» **How to complete this task**
Please transcribe exactly the lines from the line holding "Here is a tucked" through the end of the data below, and skip any pictures.

» **Supplied information**
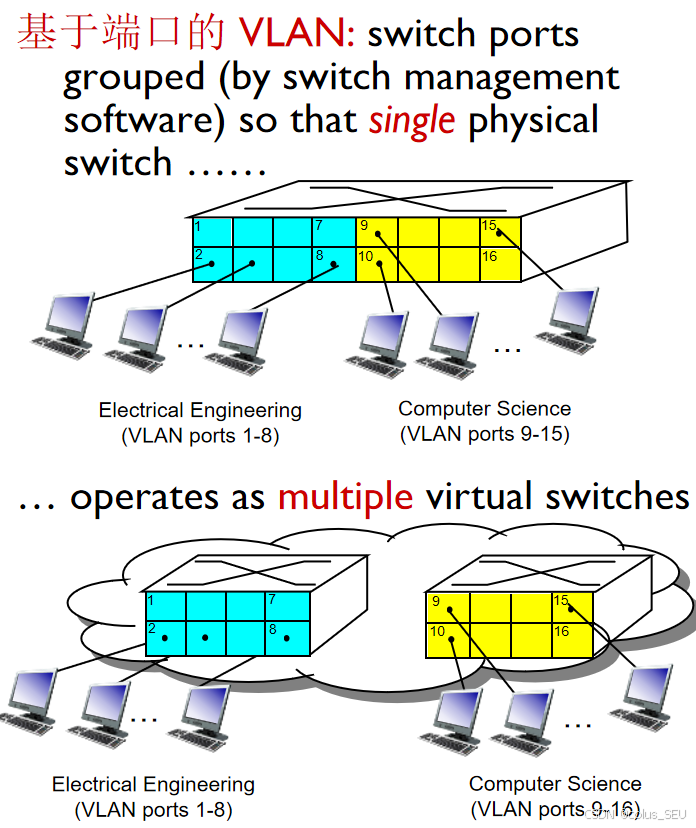 交换机支持VLAN的功能: 把物理上单个LAN划分为多个虚拟的LAN。
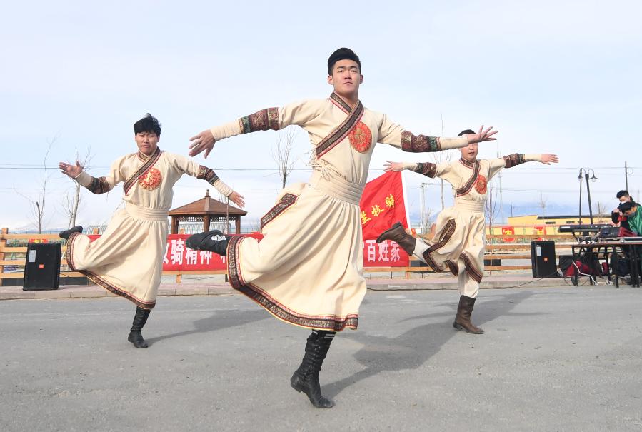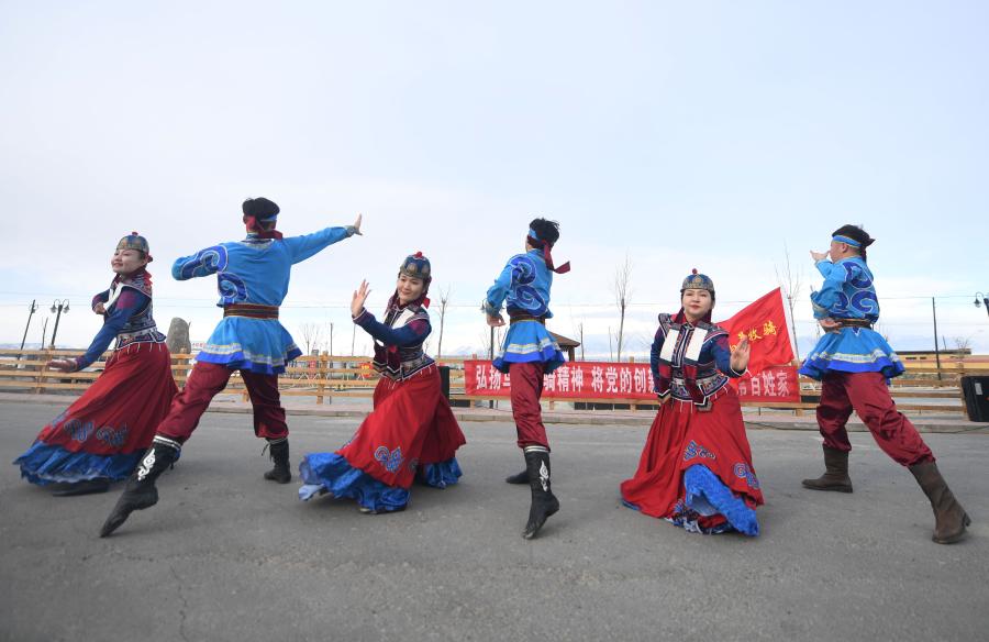 农历除夕当天,新疆和布克赛尔蒙古自治县的乌兰牧骑来到铁布肯乌散乡查干阿德尔格村,为村民送上《我们的中国梦·文化进万家》春节七天乐系列文化下乡文艺演出。
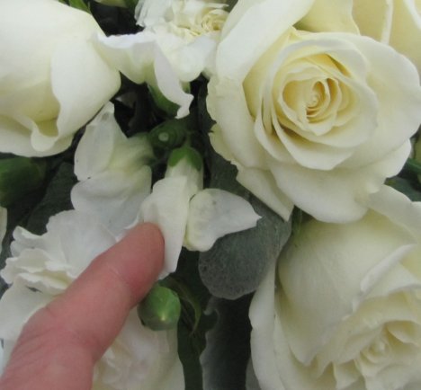 Here is a tucked piece showing between two rose heads.
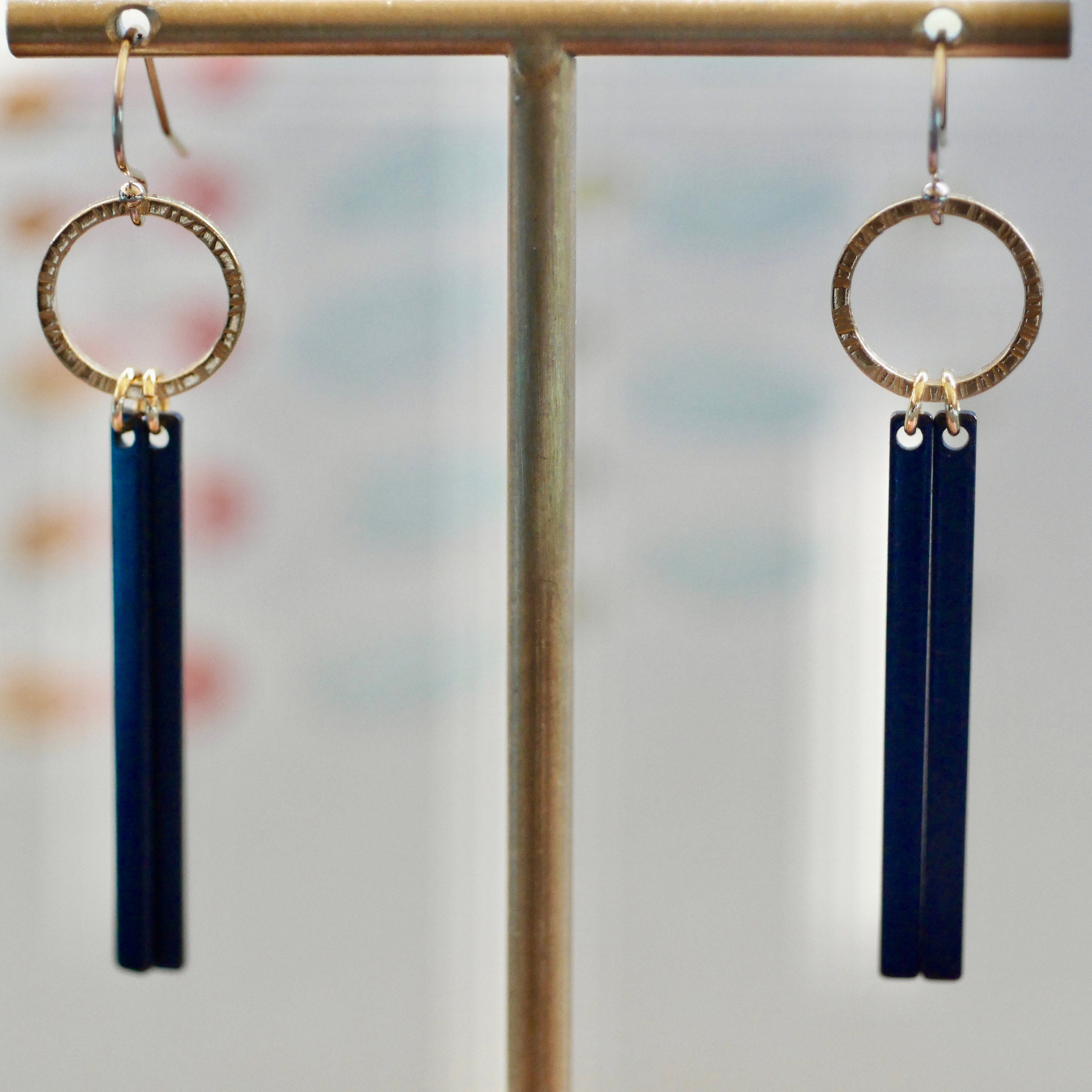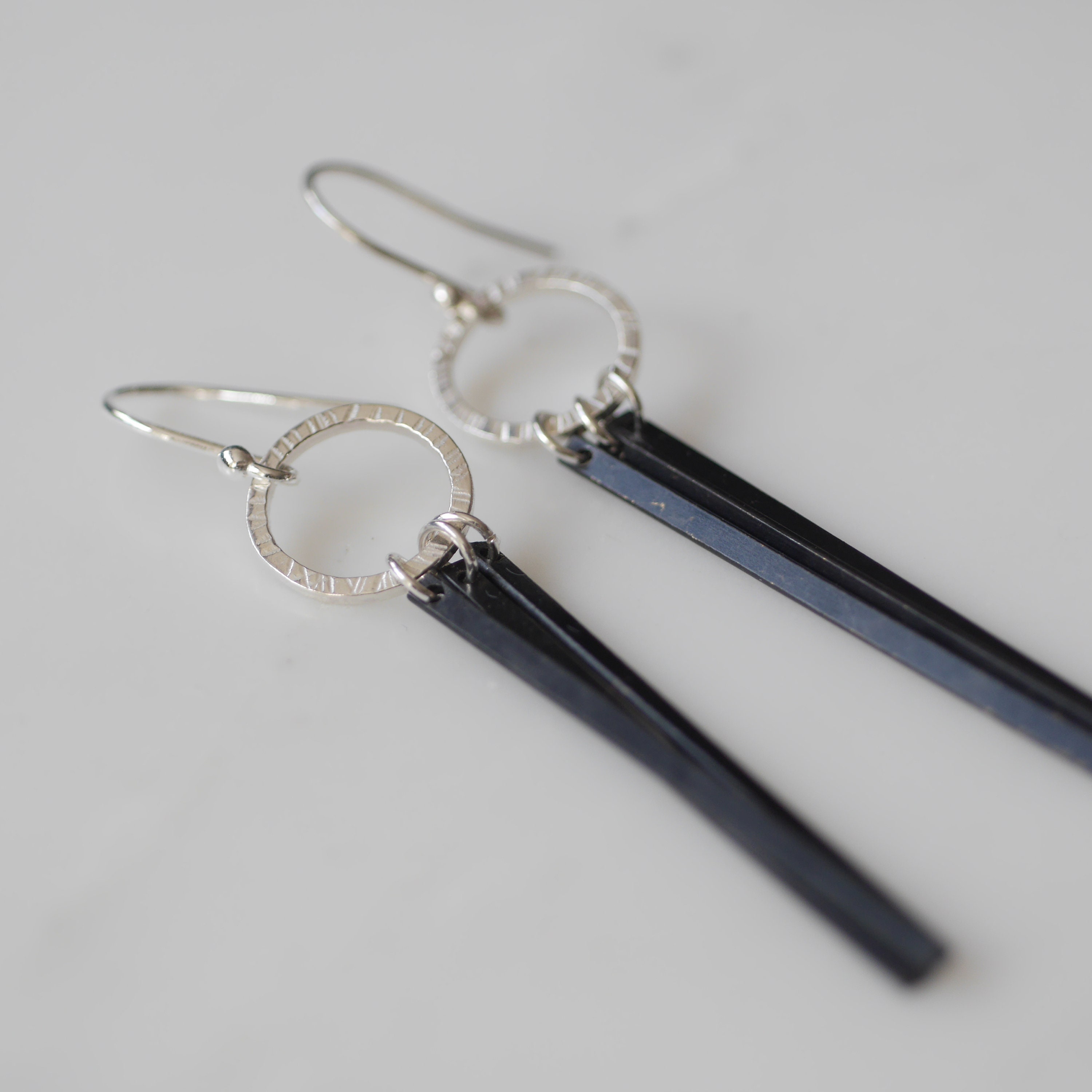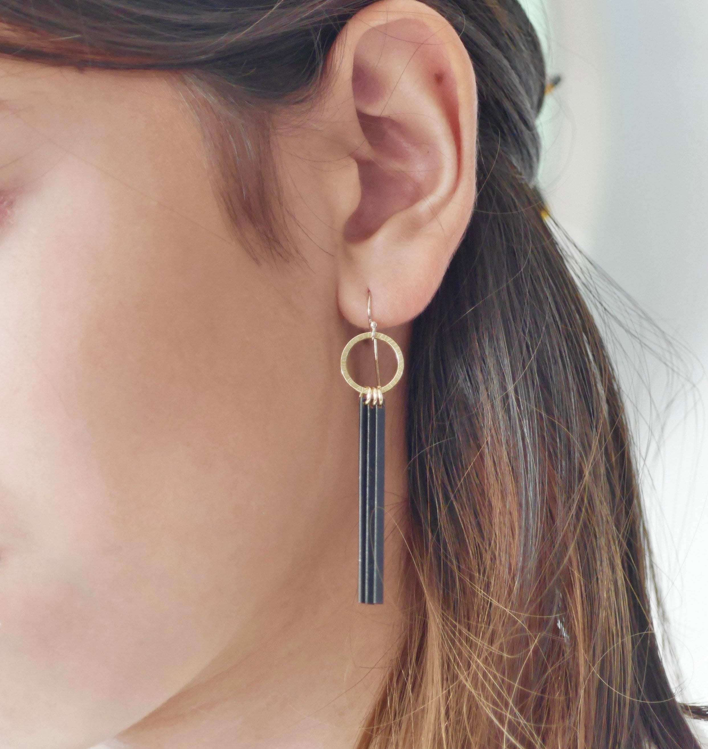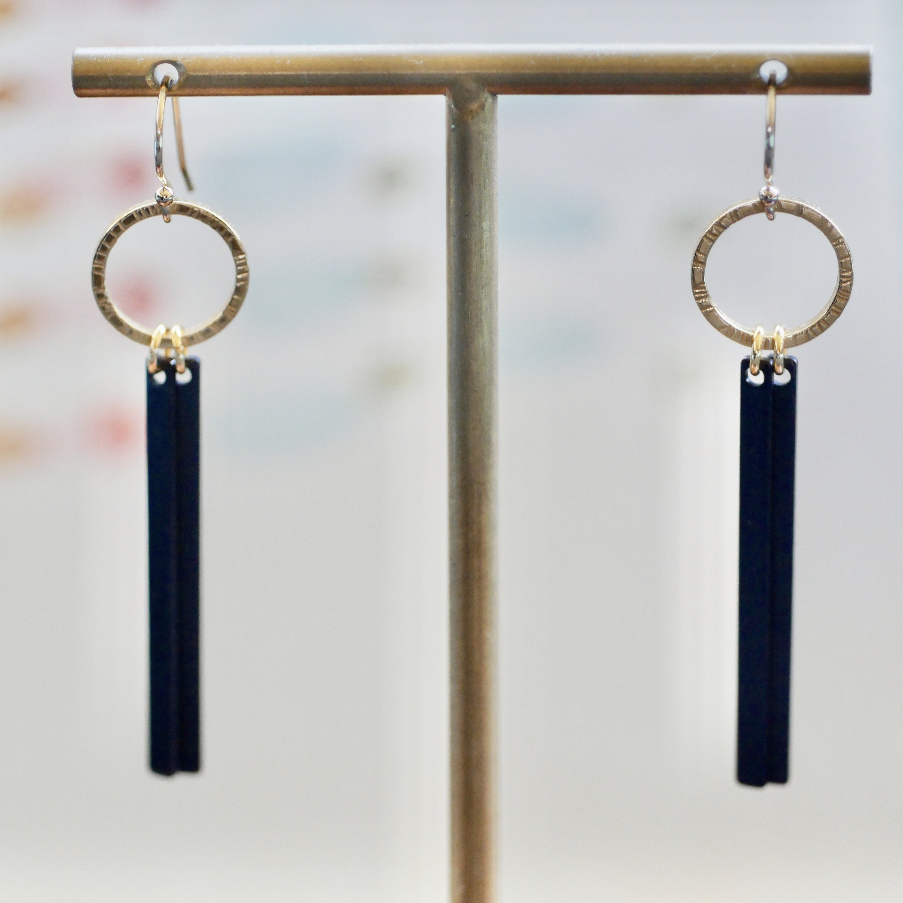 These minimalist and elegant earrings feature hand-textured circle charms paired with two oxidized brass bars in a sleek geometric design. The total length of each earring, from the ear hook to the bottom of the bars, is 7cm.

» **Worked solution**
 Here is a tucked piece showing between two rose heads.
 These minimalist and elegant earrings feature hand-textured circle charms paired with two oxidized brass bars in a sleek geometric design. The total length of each earring, from the ear hook to the bottom of the bars, is 7cm.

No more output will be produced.